Terror Plot Reportedly Uncovered In Europe

ABC News reported that the source of the threat information was a suspected German terrorist captured on his way to Europe and now being held in Afghanistan, possibly Bagram air base.

Western intelligence agencies are reportedly tracking a plot to carry out terrorist attacks in Britain, France, and Germany.

Citing unidentified intelligence and security officials in the United States and Europe, Western media reported that the potential attacks were allegedly being planned from Pakistan.

The BBC said it was "one of the most serious Al-Qaeda attack plans in recent years" and was inspired by the terror group's leadership in Pakistan's tribal areas.

The broadcaster said it was thought commando-style teams of jihadists planned to seize Western hostages and murder them. It said the idea was thought to have moved from the aspirational stage to actual planning.

But the plot was not believed to be imminent, and national threat levels have not been upgraded yet.

Britain's Sky News television reported that intelligence-sharing between the three European states and the United States had led to the attack plans being uncovered and disrupted.

In the United States, ABC News reported that the source of the threat information was a suspected German terrorist captured on his way to Europe and now being held in Afghanistan. U.S. officials confirmed that a detainee at Bagram airbase holds a German passport.

ABC cited U.S. officials as saying that country was also a possible target.

European officials did not confirm the plot, but the reports come as Britain, France, and Germany are on a heightened state of security alert.
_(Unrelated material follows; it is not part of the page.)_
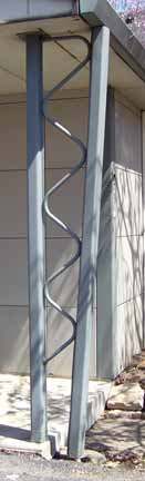 Detail of Lustron home downspout accent. Photo taken in Columbus, Ohio, April 2009.

The German Interior Ministry said in a statement that it knew Al-Qaeda had long-term plans to target Europe and that this information had been exchanged with other countries with the requisite "sensitivity and intensity." But it added that there were "no concrete pointers to imminent attacks in Germany stemming from this."

The director-general of Britain's MI5 Security Service, Jonathan Evans, said on September 16 that there remained "a serious risk of a lethal attack taking place."

In the United States, Homeland Security Secretary Janet Napolitano on September 22 said that "increased activity" by terror groups signaled a heightened threat against Western countries, including European states.

Concern about a possible attack has risen in Paris, where the Eiffel Tower was evacuated on September 28 following the second hoax bomb threat at the landmark in a month.

Interior Minister Brice Hortefeux on September 20 warned that France faced a "real" threat amid a backlash from Al-Qaeda militants in the Maghreb, with concerns growing of an attack on French soil.

"I won't answer any other question, but I would confirm that the [terrorist] threat is real, that our vigilance is reinforced, that the terror alert level is 'red' reinforced, meaning the penultimate highest ranking," Hortefeux said.

In a statement on September 28, U.S. National Intelligence Director James Clapper did not comment directly on any European plot but insisted: "We know Al-Qaeda wants to attack Europe and the United States."

"The Wall Street Journal" reported that the CIA had stepped up its drone attacks in lawless parts of Pakistan as part of efforts to prevent attacks on European cities.

But "The Washington Post" quoted U.S. officials as describing the threat of such attacks in Europe as "credible but not specific."

Pakistan's army has dismissed as "very speculative" media reports that this month's upsurge in U.S. drone strikes sought to disrupt attacks on European cities.

Military spokesman Major General Athar Abbas told Reuters: "We don't have any information or intelligence that militants had gathered [in northwestern Pakistan] and were plotting attacks. There is absolutely no intelligence on that."

Pakistani security officials have reported around 20 drone strikes in the country's tribal belt along the Afghan border this month -- more than double the number fired in any previous month.

NATO has confirmed that senior Al-Qaeda commander Abdallah Umar al-Qurayshi was killed along with several other militants by an air strike over the weekend.

Pakistan is also investigating reports that a U.S. drone missile strike killed another senior Al-Qaeda commander, Sheikh Fateh al-Masri, on September 25 as he traveled in a tribal region near the Afghan border.